А как тронулся поезд, Соколов вскоре уснул. Товарищи его долго возились на нарах.
– Жестко спать!
– жаловался Абзал Галимов.
– На голой земле ты никогда не валялся, в грязи не леживал. Вот и трудно...
– возразил Ясаков.
– Честное казанское слово, земля мягче!
– Спите!
– проворчал Крупнов.
Все умолкли, но спустя некоторое время Вениамин нарушил покой тяжелым вздохом:
– Эх-хо-хо, а моя Марфутка не догадалась бы выйти хотя бы на десять минут на станцию.
Потом снова тишина да равномерный стук колес.
– А кто понесет туфли к этой самой сестре интенданта?
– спросил Галимов.
– Я, - отозвался Крупнов.
– Вы? Гм. Я ведь холостой.
– Я тоже неженатый.
– Зря, женился бы дома, теперь не мешал бы мне.
Опять тишина, потом голос Ясакова:
– Раздумаешься - скучно служить, братцы.
– Теперь дома хорошо!.. Но присяга... Так надо. Все тяжелое - надо, чтоб войны не было, - сказал Галимов.
– Я робкий и жалостливый, Абзал. Истреблял жалость боксом - не вышло. И как я буду стрелять в человека? Не знаю...

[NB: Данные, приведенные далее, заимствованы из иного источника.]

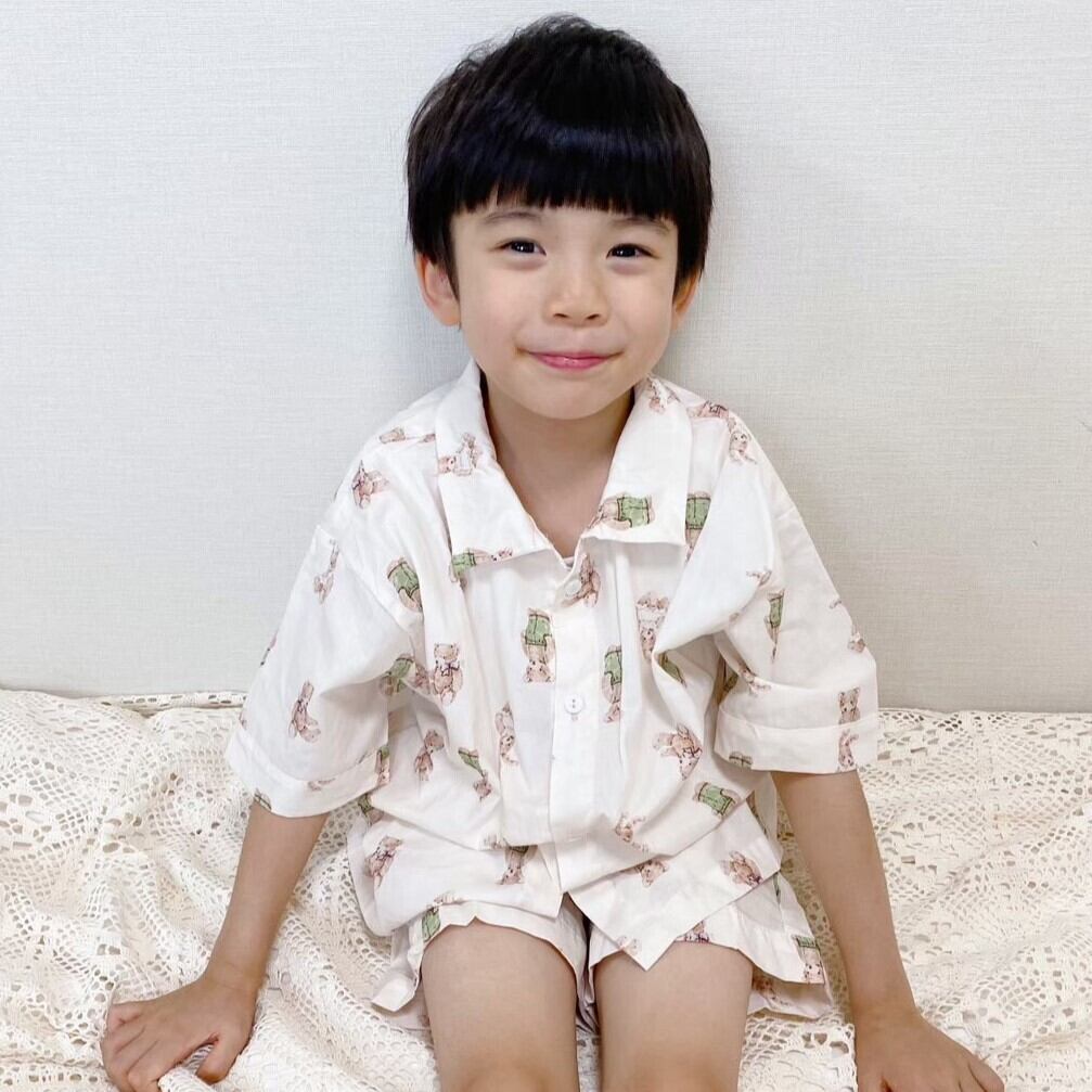 ナチュラルカラーのくまちゃんがおしゃれな男の子用のセットアップ♡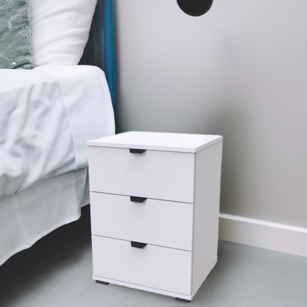 Enhance your sleeping space with the Kinross Arctic White 3 Drawer Bedside Table, a perfect blend of contemporary design and practical utility. Its crisp, clean Arctic White matte finish brightens any room, making it an ideal choice for modern, minimalist, or Scandi-inspired interiors.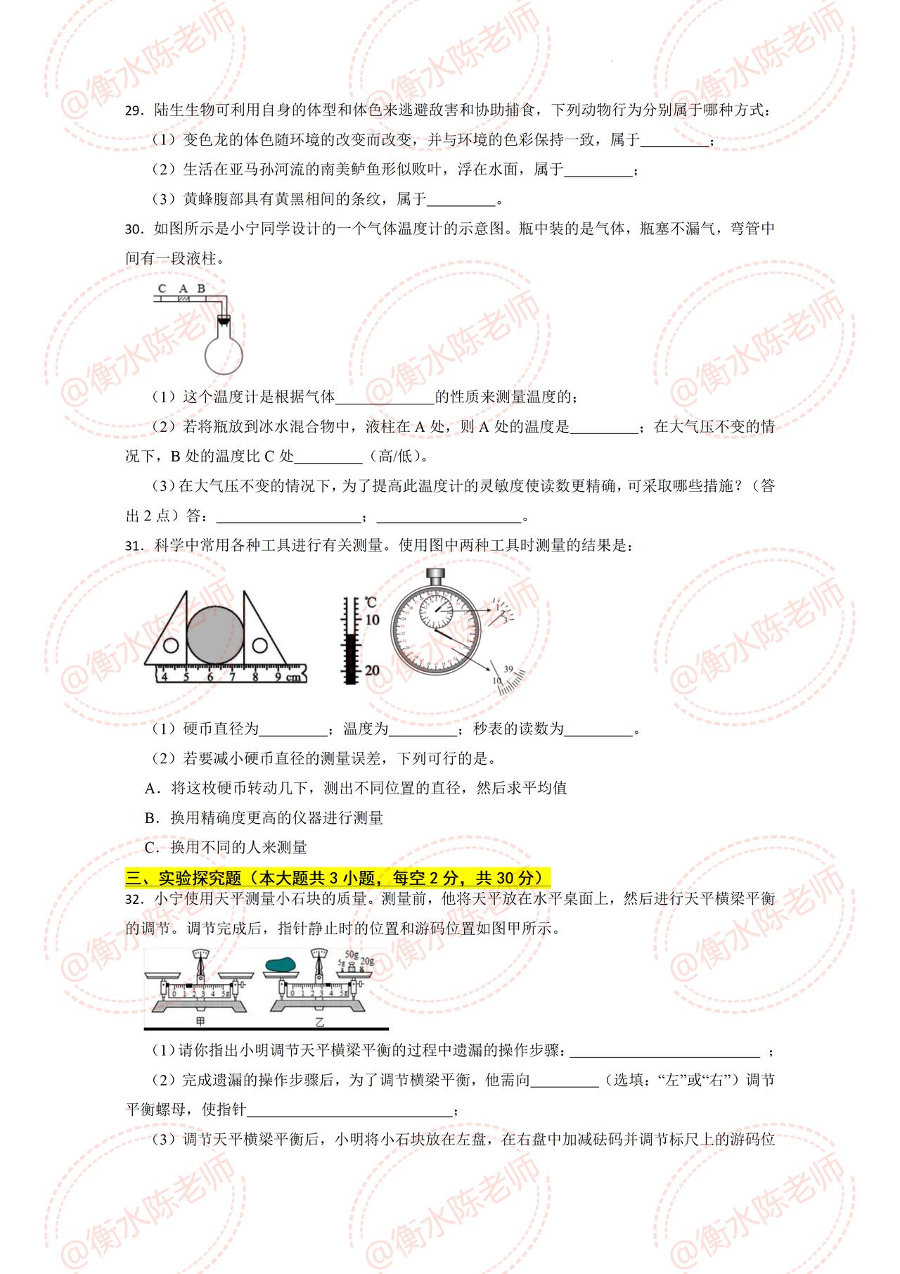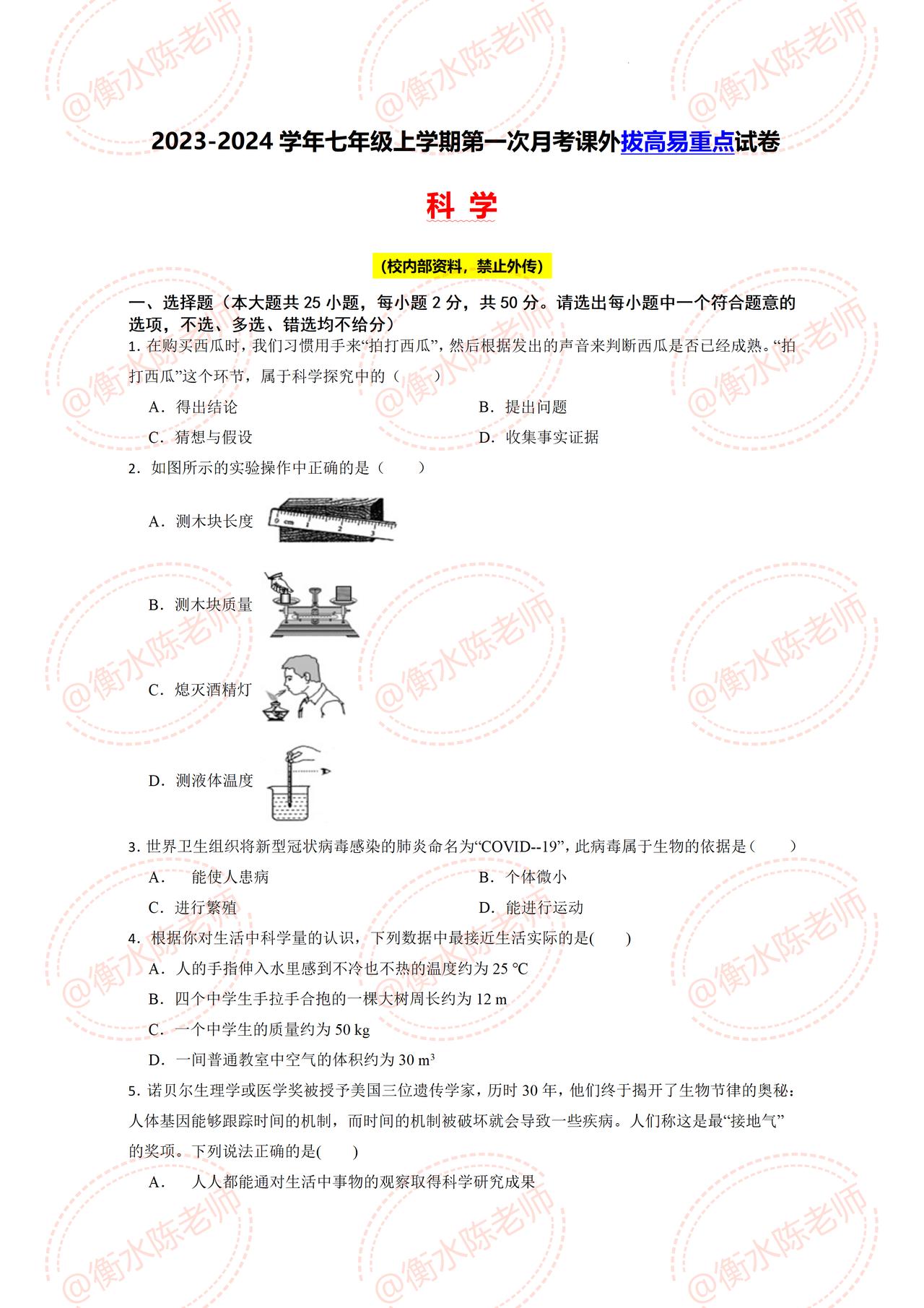 浙江省份,根据不同的地市、不同版本,编写的2023-2024【华东师大版】全新七年级上册【科学】第一次月考,试卷常考热点考题,提前发给同学们,每个科目3套试卷,尤其是刚升入初一得同学们,这次月考很关键,是进入初中以来得第一次,新的开始,开头一定要考出好成绩,想要获取自己城市月考试卷得考生,记得跟我沟通哦。

В Москве их поместили в Чернышевских казармах - тут формировался для парада сводный полк Западного военного округа. До парада оставалось несколько дней, и все это время тренировались то в составе роты, то в составе батальона и полка. И как ни дружно и ни слаженно ходили, поворачивались, кричали "ура", генерал был недоволен ими. Недоволен он был еще и тем, что среди рослых солдат оказалось несколько человек маленьких. Сам же генерал Кошкаровский был среди всех едва ли не самого маленького роста, но такой осанистый, так пронзительно глядел острыми глазами, так лихо были подкручены его черные усы, до того ладно облегал мундир полное тело, что казалось, он и родился настоящим генералом, а другие генералы в сравнении с ним - какое-то отклонение от нормы.
Проходя перед строем, генерал остановился перед Галимовым, измерил его взглядом, спросил полковника:
– Это чей же недоросток?
Галимов вскинул голову: он плохо понимал сейчас, что говорят о нем. "Халхин-Гол" - расслышал он. Ему велели выйти из строя. Сделал он это так ловко владея каждым мускулом своего крупного тела, что генерал смягчился.
Генерал пощупал его широкие плечи, попробовал взять винтовку и не мог: намертво застыла она в железной рука Абзала.
– Ну что?
– спросил генерал, улыбаясь, все еще пытаясь вырвать винтовку.
– Товарищ генерал, я могу любого длинного побороть.
Генерал остановился перед Ясаковым и Крупновым.
– Вот эти два красавца и понесут знамена дивизии, - сказал он сопровождавшему его полковнику.
После смотра 30 апреля вечером Александр Крупнов, завернув туфли в бумагу, поехал на Тверскую-Ямскую. На редкость был теплый вечер. Москва шумела тем постоянным неумолкающим гулом, который создавал впечатление неспадающего рабочего веселого напряжения. Всюду попадались люди с покупками, слышались разговоры о празднике.
Двери в общую квартиру открыла молодая женщина в халате, одна половина головы была завита, другой еще не коснулись щипцы, которые держала женщина в руке. Это и была сестра интенданта.
Она провела его в маленькую комнату, пригласила сесть на жесткий диван.
– Может быть, вина?
– Мне и так весело.
– Еще бы! Такой молодец!
Он пил воду и исподлобья посматривал на хозяйку, выжидательно стоявшую перед ним. Была она лет двадцати пяти, полная, красивыми бараньими глазами смахивала на своего брата.